In ep1 when John meets Mycroft, Mycroft’s parting shot is “fire your therapist,” because she says John’s psychosomatic tremble is a response to danger but Mycroft has been unsubtly threatening him and his tremble has firmed up and gone. John responds to danger with level-headed courage, we are told this explicitly in the text. And then when his date is about to be murdered by bad guys who believe he knows the location of the hidden whatever, he can’t find the presence of mind to fucking lie about it? String them along a little? Come up with SOME way to buy time, convince the bad guys he’s cooperating so they’ll stop paying so much attention and he can figure out a way to send a message, something. Anything.
That’s when I realized the writers didn’t actually want John to be able to do anything, they didn’t want this to be the partnership they set up in the end of ep1, they wanted Sherlock to be the competent one and John to be his fangirl. And the thing is, John is the viewer insert character. He’s the one we’re supposed to be able to identify with so he can hook us into the story. And it turns out the writers just want John – and us – to do exactly what you said: tag along and see what a clever, amazing person Sherlock is.
@cafffine I hope it’s cool that I’m copying your tags onto this longer version of the post, bc on the surface that’s just the rache/rachel thing writ large – what if we took the thing that it wasn’t in the book and did that instead! – but it’s also part of this deep contempt the writers have for just…people. I was going to say ‘regular people’ but actually there are no people as clever as their version of sherlock, he’s the specialest guy in the whole wide world and he can never be wrong.
And first of all, that’s just so much more boring than a full on genre twist. The brilliance of making the shift into horror “our infallible detective was wrong,” thus signifying that the rules of the detective story no longer apply, and that same realization is also “the rules of reason and civilization we were operating by are useless, the superstitious locals are right, there be monsters here.” That’s the opening to Dracula! That’s classic horror! What a seamless genre transition, what a great way to shock your readers, what excellent suspense and what a cool mystery.
But it requires Sherlock to be wrong. It requires him to be completely wrong, and specifically it requires him to be wrong to have dismissed the locals as superstitious peasants whose fears were silly. It requires him to admit that just because he’s smarter than someone doesn’t mean his worldview is more correct.
Which, I suspect, is something the the writers of bbc sherlock don’t really know how to wrap their heads around.
They’re just showing off their mystery-writing skills!

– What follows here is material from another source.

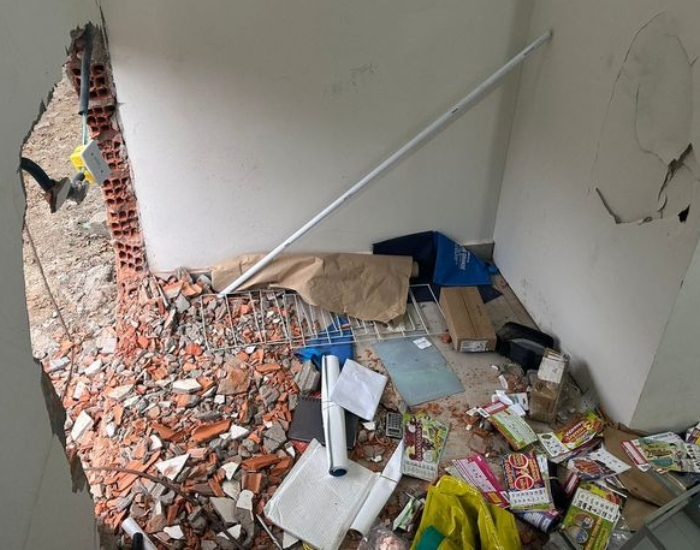 Além de quebrarem a parede, os suspeitos arrancaram uma grade de ferro que, dava acesso a uma sala, onde ficava o cofre da lotérica. Foi realizado contato com o proprietário do estabelecimento, o qual chegou no local e constatou que haviam furtado o cofre, pesando 400 kg, com uma quantia em dinheiro.
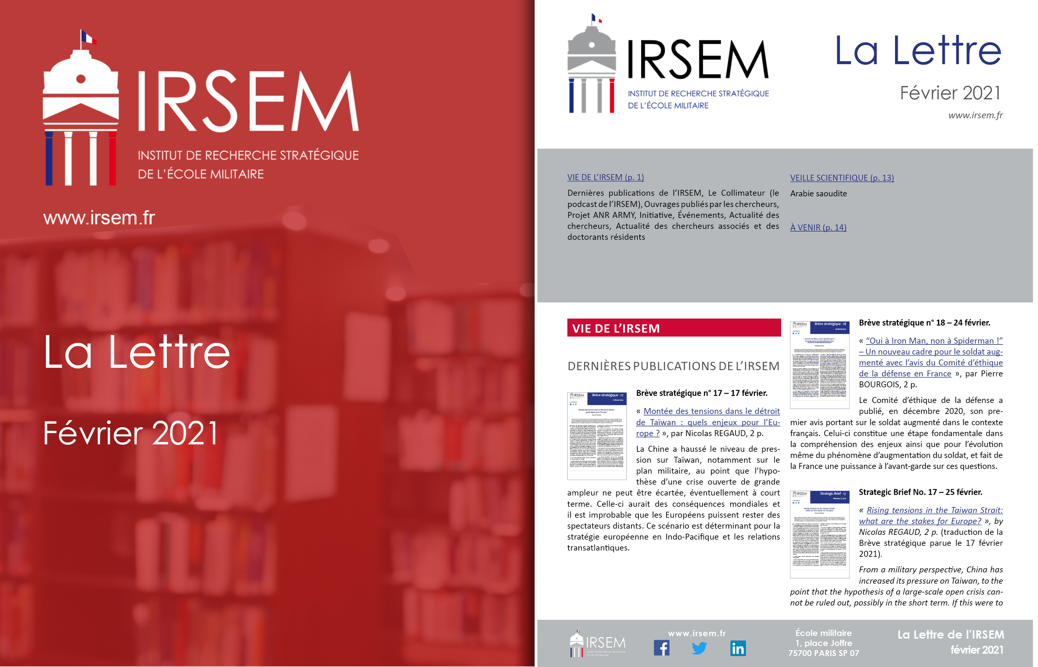 La Lettre de l'IRSEM est notre lettre d'information. Chaque mois, chercheurs résidents et invités y présentent des chroniques et points d'actualité. Vous trouverez dans cette rubrique les liens vers les numéros de chaque collection annuelle.

I agree with everything in this post except this one specific sentence, with which I disagree vehemently. They are showing off their contempt for mystery writing as a concept. Mysteries are a dialogue between author and audience, in which the audience is an active participant and collaborator. Crafting an engaging mystery that is difficult but possible for the audience to solve is an artistic feat of incredible skill.
Meanwhile, anyone can hide so much information from the audience that it’s impossible to anticipate what the main character’s solution will be. To the author looking to write a masturbatory Smartest Man power fantasy, the audience is not a collaborator, but a threat.